J’ai fait des gestes blancs parmi les solitudes.
- Apollinaire.

Already it’s a great deal to see anything clearly,
for we don’t see anything clearly.
- Jasper Johns.

The performative self-portrait plays up on the potential of the camera to capture “who we pretend to be,” “who we are conditioned to be,” or “who we think we are.”1 And in line with this, there is something that Richard Avedon said about performance (which I draw from memory) that conveniently falls into place wherein we all perform… whether consciously or unconsciously… for ourselves, for others.2 Meanwhile, there is also this reality of a person’s identity to be very fluid from one perceiver to the next. There is a stronghold concerning my identity that is channelled through how others look at me and the perception of this so-called identity of mine verified by others. So, whatever I think of myself and whatever I try to project and perform in front of others, no matter how convinced I am to myself that something is of this degree and of that particular leaning or conviction, I would always fall into a dependency of the other to strengthen this conception of the self. Furthermore, this conception of “who I am” is also very fluid from one perceiver to the next.

In this self-referential series, I try to break open the discourse by inviting you to be me. It does find itself more persuasive to take upon the project of performing myself through self-portraits on a paradoxical note, which would also lend me the luxury to humourize myself. In line with this, I would like to see myself being featured in my own works to enable a caricature of myself played out by others. The title of the series, “You as Me” seems deceptively simple yet the more you think about it, the more you peel layers off of it, the more this conversation gets more and more complex. And complex would eventually lead itself its own inherent set of transgressions working within.

What lies within the realms of these portraits to have a hand at self-contradiction and self-cancellation is a crucial elsewhere to be delved into much further. In this elsewhere, I could perhaps find the potential to strengthen this particular conception I have of myself or perhaps through these other individuals creating this narrative of conceptions regarding me.

Further to the other side of things, the aesthetic of these images make the spectator feel like they are from another time like as if they were taken some time in the 1940s-1970s and the surface would easily fool the spectator of a certain nostalgic tendency. But such aesthetic has been achieved through a digital process and with completely digital means which turns things upside down.
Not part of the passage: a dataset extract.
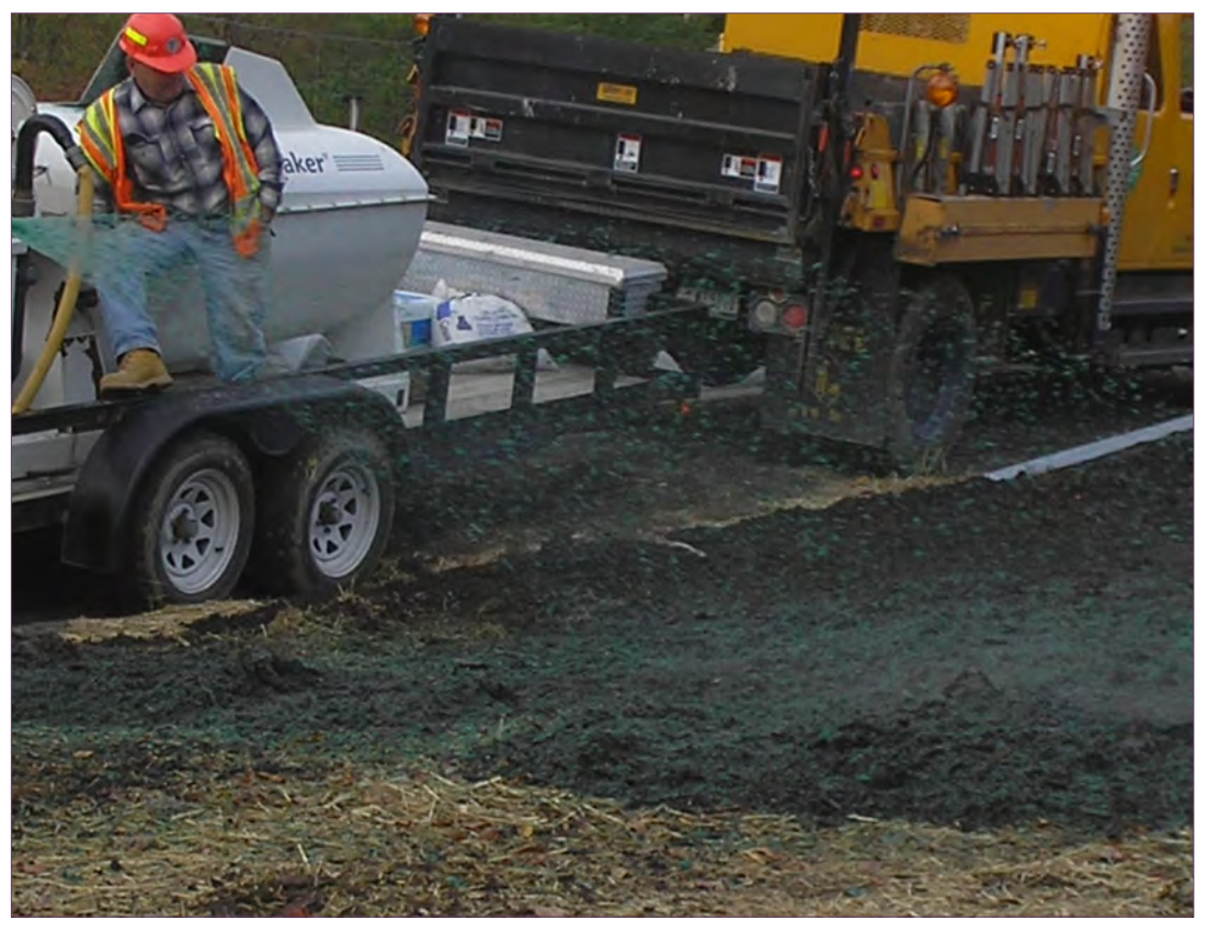
Figure 6-10. NYS Department of Transportation applying road kill compost along highway

compost undisturbed for roughly 2 weeks to 6 months, depending on the largest carcass size and management objectives. The pile/bin should be monitored for temperature, odors, and signs of scavengers, flies and leachate. Any problems that are detected should be corrected (Monitoring Compost Piles or Windrows). In the meantime, new piles or bins may be started to treat additional mortalities.

This then provides another angle to the fluidity of identities, which is in the bigger context: the volatility of identities in the digital age. The you can be a very unstable point of reference as the digital age would have a certain interconnectivity and merging of information and possibilities in seconds or even much less. And with a simple project like this one explored through self-portraits, it questions identity as it is stressed in this digital age where the rest of the world is interconnected online. The discourse breaks further like an elliptical discourse concerning this volatility of the self in the digital age.


1. From an essay on performance by Susan Bright in her book Auto Focus: The Self-Portrait in Contemporary Photography.

2. Taken from Richard Avedon’s book entitled Performance.